Paul G. Richardson, MD: Nina, please.
Nina Shah, MD: Sonja Zweegman MD did present the data for unfit and frail myeloma using an ixazomib-based regimen. First of all, I love the trial because it’s a hard thing to do. What I thought was interesting is the people who were unfit did a little bit differently than the people who are frail. What that means to me is our scoring is not consistent for these. If we’re going to do trials with these, then we should be able to have consistent scoring. Just like with the smoldering risk adaptation, you have to know how your scoring is consistent or not. That really struck out to me.
What’s so great now is we have a lot of trials in transplant “ineligible,” understanding that doesn’t always mean unfit. We all know how to dose modify. So RVd [lenalidomide, bortezomib, dexamethasone]-Lite, things like that, are important to consider. Some people want to get therapy but they also recognize their own limitations. So a lot of patient discussion, physicians understanding gestalt, I think goes into it.
Paul G. Richardson, MD: Ajai, how do you take on this issue?
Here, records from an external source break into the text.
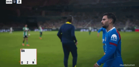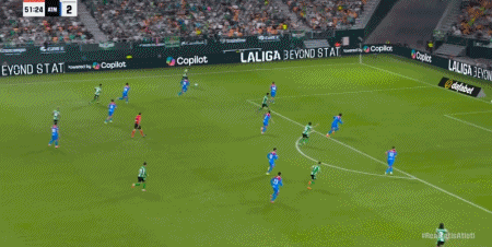上半场补时阶段,马竞再下一城。阿尔瓦雷斯在左路突破后送出助攻,巴埃纳兜射远角破门,将比分扩大为2-0。这一进球彻底浇灭了贝蒂斯反扑的希望。
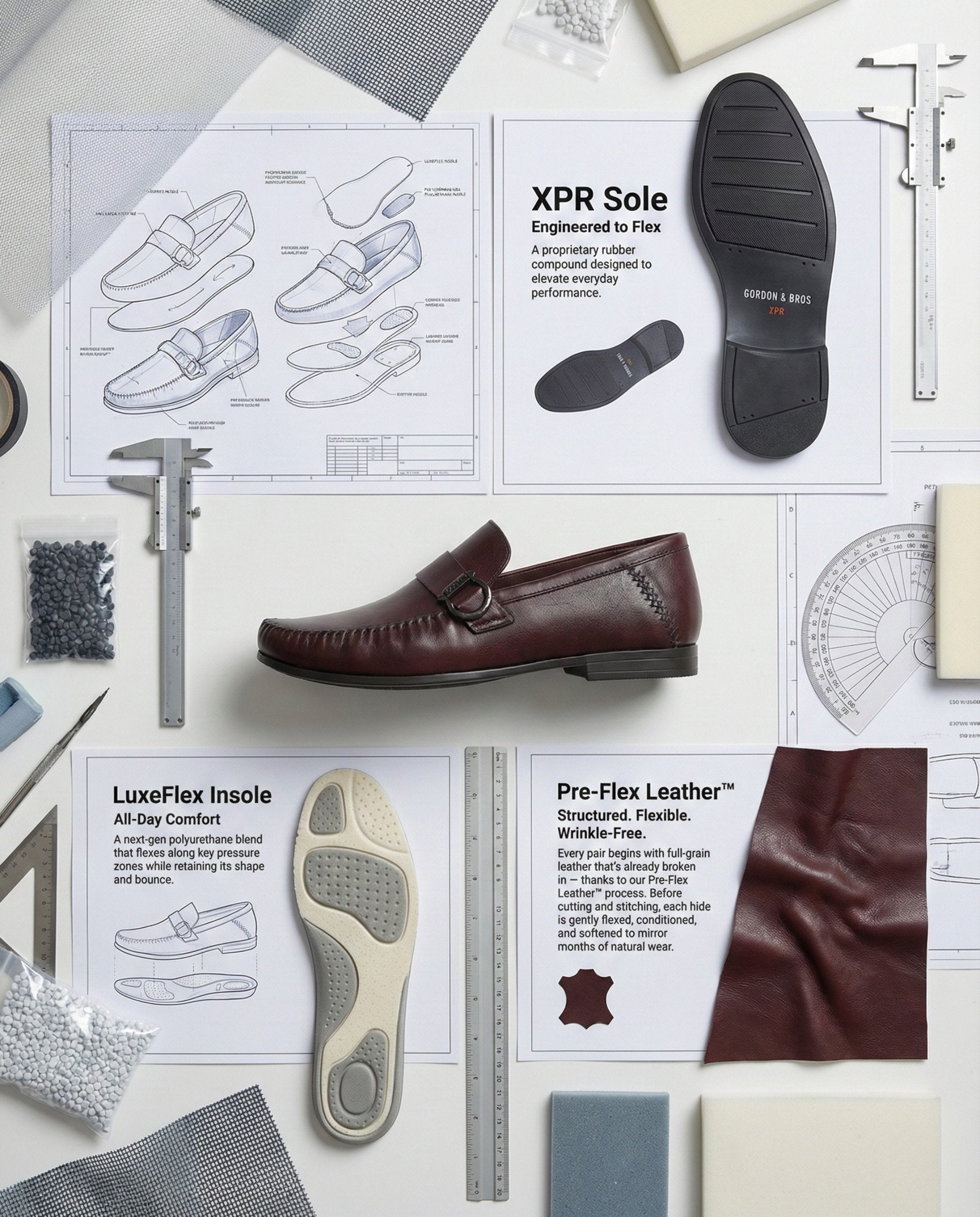 At Gordon & Bros, every pair is engineered with precision-where German craftsmanship merges with next-generation comfort technology. From our XPR™ sole system to engineered insoles and performance leathers, each shoe is built for comfort, durability, and longevity.
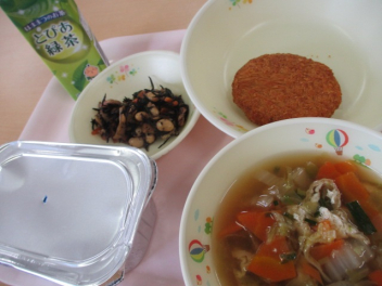ハンバーグのきのこソースを期待したのですが、こちらはケチャップソース。手づくりのやさしい味がしました。きのこは、クリームスープの中にたっぷり入っていました。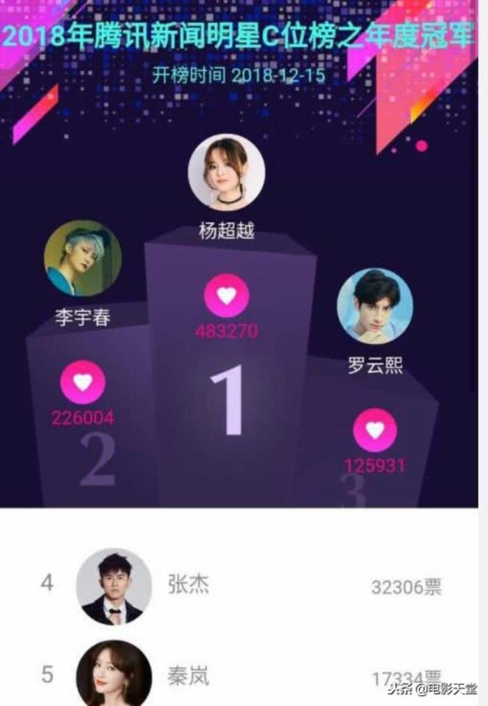 今天看到了一组这样的投票,杨超越稳占C位,夺得第一,第二是李宇春,第三是罗云熙,第四是张杰,第五是秦岚。对于这个结果,你可还意外么?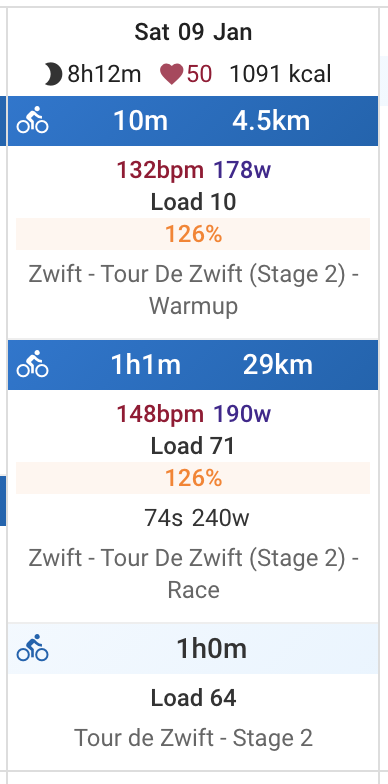 The daily percentage (TSS vs plan) is a bit counterintuitive: for each activity, it shows the daily total vs plan. Ex:

Ajai Chari, MD: I think we accept ISS [International Staging System], FISH [fluorescence in situ hybridization] as risk stratification. The frailty I think because it’s not a quick, 1 second thing. There was a recent Blood publication that showed that probably the single best test is your gait speed. We have a patient on a clinical trial who had a lot of complications. She had the worst gait speed of anyone enrolled. I think that’s a quick, it’s kind of an eyeball thing, but you have the patient get up and walk. And how long that takes, it can be done in 20 seconds. That I think is going to be important, and if we don’t stratify clinical trials by these kinds of patients, recognizing though that even in a gait-speed adjusted, who’s getting into a study; real-world patients, probably at best, 50% of real-world patients are eligible for studies. I really want to echo what Ken said which is, it’s not the number of drugs, it’s the doses and schedule. Everybody needs rapid responses to treatment. It’s just in a deliverable fashion. I think it’s not to sacrifice on a number of drugs, but the doses and schedules, and also the monoclonal antibodies in particular; very well tolerated as a triplet in elderly.
Paul G. Richardson, MD: It’s incredibly important to recognize that the performance status gait speed and the symptoms are of course driven by disease. An effective regimen can then transform that in a way that obviously you can see a dramatic improvement. Sagar if I may, your thoughts on this.
Sagar Lonial, MD, FACP: I think the reality is that much of what you guys are describing is
not captured anywhere in our medical record. It really requires you to spend time trying to understand. I actually ask the 75-year-old guy, “Do you play golf? What do you do during a day? How’s it different now than it was 3 months ago?” I think those kinds of things are often missed, and they’re not in any of the 6-page, content-free notes that we sometimes get.
Amrita Y. Krishnan, MD: I would make the comment that myeloma is a little different than other diseases because often when patients present they have a lot of compression fractures, bony disease, which in one sense really acutely decreases their performance status. You don’t want to underestimate their true performance status.
The other thing I would say in terms of gait speed also, my gait speed from day 1 at ASH [American Society of Hematology 2019 annual meeting] greatly diminished by day 4.
Paul G. Richardson, MD: Hopefully you don’t need treatment.